___ Records for this exercise

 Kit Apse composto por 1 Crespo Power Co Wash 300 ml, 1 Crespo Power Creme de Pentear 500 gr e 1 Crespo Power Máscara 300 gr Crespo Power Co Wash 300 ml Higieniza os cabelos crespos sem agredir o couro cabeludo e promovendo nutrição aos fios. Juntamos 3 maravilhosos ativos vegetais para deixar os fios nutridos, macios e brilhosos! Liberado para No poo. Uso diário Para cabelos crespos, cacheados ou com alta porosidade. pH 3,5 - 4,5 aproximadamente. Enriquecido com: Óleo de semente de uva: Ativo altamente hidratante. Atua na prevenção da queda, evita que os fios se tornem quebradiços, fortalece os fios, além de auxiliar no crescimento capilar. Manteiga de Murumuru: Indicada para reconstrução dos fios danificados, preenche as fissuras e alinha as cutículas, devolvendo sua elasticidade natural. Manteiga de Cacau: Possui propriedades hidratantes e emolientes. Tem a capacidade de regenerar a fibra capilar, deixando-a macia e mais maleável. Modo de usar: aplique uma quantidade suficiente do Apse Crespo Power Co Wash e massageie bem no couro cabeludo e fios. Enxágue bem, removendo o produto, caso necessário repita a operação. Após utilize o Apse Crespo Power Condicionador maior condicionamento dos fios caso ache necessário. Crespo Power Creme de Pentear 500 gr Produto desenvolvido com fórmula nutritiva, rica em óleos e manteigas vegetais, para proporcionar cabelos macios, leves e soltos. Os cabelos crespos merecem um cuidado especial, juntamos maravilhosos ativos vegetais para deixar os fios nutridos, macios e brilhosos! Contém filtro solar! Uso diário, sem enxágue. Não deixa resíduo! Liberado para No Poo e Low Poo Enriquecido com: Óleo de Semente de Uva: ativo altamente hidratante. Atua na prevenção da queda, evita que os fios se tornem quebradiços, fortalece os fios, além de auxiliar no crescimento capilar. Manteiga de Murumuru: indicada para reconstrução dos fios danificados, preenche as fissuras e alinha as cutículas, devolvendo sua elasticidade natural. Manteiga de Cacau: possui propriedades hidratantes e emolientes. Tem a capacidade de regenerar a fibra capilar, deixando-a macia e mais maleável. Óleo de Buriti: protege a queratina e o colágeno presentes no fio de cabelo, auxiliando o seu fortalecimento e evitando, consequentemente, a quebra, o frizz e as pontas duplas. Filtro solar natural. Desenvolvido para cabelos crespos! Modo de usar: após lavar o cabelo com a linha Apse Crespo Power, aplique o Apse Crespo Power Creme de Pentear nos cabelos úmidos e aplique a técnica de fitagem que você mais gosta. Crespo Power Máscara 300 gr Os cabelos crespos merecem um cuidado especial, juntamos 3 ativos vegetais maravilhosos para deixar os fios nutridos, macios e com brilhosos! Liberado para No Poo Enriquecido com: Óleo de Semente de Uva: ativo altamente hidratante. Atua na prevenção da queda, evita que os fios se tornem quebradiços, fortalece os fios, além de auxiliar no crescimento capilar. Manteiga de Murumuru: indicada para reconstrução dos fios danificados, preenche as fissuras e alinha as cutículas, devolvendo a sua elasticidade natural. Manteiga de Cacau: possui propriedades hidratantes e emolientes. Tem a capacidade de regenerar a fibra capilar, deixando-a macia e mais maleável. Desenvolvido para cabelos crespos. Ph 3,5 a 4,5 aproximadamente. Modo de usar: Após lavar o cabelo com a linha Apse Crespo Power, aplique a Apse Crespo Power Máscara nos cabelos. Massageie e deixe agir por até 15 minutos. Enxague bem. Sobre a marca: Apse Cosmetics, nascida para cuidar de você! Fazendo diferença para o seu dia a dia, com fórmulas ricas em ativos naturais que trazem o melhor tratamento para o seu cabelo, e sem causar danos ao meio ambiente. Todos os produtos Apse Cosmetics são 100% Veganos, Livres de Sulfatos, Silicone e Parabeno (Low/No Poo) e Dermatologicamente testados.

______
___ Records for this exercise

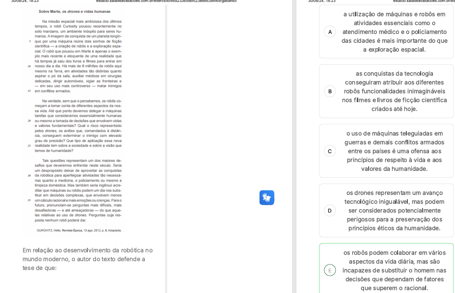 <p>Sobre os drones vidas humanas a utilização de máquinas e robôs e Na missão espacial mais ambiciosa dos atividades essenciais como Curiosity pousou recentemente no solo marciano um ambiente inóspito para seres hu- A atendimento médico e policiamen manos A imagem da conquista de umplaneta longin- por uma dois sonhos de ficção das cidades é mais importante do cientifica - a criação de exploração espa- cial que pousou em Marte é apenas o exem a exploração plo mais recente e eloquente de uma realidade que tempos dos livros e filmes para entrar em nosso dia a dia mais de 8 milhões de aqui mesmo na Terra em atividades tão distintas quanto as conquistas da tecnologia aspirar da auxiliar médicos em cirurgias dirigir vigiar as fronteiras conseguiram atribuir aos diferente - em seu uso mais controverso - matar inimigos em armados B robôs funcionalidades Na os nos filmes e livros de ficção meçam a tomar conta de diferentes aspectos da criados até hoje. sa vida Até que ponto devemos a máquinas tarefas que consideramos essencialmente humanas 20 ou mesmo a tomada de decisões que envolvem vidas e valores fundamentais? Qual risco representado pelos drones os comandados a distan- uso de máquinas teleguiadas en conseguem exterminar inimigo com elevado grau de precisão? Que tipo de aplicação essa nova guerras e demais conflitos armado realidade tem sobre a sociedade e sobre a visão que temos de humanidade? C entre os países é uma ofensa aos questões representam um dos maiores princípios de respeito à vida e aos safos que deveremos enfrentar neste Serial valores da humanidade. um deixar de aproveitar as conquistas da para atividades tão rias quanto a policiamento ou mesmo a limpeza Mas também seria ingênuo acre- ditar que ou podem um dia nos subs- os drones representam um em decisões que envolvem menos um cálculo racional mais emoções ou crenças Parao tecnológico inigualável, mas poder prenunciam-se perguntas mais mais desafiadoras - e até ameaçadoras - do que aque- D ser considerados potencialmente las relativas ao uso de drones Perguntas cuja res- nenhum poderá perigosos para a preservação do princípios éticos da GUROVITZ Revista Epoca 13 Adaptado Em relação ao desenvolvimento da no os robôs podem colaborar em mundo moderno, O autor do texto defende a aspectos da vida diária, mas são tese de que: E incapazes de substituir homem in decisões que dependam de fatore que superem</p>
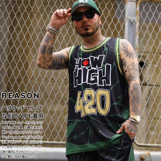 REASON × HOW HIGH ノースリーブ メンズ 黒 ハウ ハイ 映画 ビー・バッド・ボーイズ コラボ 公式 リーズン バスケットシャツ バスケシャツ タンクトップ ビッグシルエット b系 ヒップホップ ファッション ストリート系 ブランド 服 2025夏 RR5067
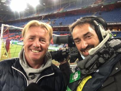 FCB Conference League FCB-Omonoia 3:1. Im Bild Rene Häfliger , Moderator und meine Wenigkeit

______

What is needed> Using the records above, print exactly the run of lines that starts with the line with "REASON × HOW" and goes on through the line with "FCB Conference League", pictures excluded.

The answer>
 REASON × HOW HIGH ノースリーブ メンズ 黒 ハウ ハイ 映画 ビー・バッド・ボーイズ コラボ 公式 リーズン バスケットシャツ バスケシャツ タンクトップ ビッグシルエット b系 ヒップホップ ファッション ストリート系 ブランド 服 2025夏 RR5067
 FCB Conference League FCB-Omonoia 3:1. Im Bild Rene Häfliger , Moderator und meine Wenigkeit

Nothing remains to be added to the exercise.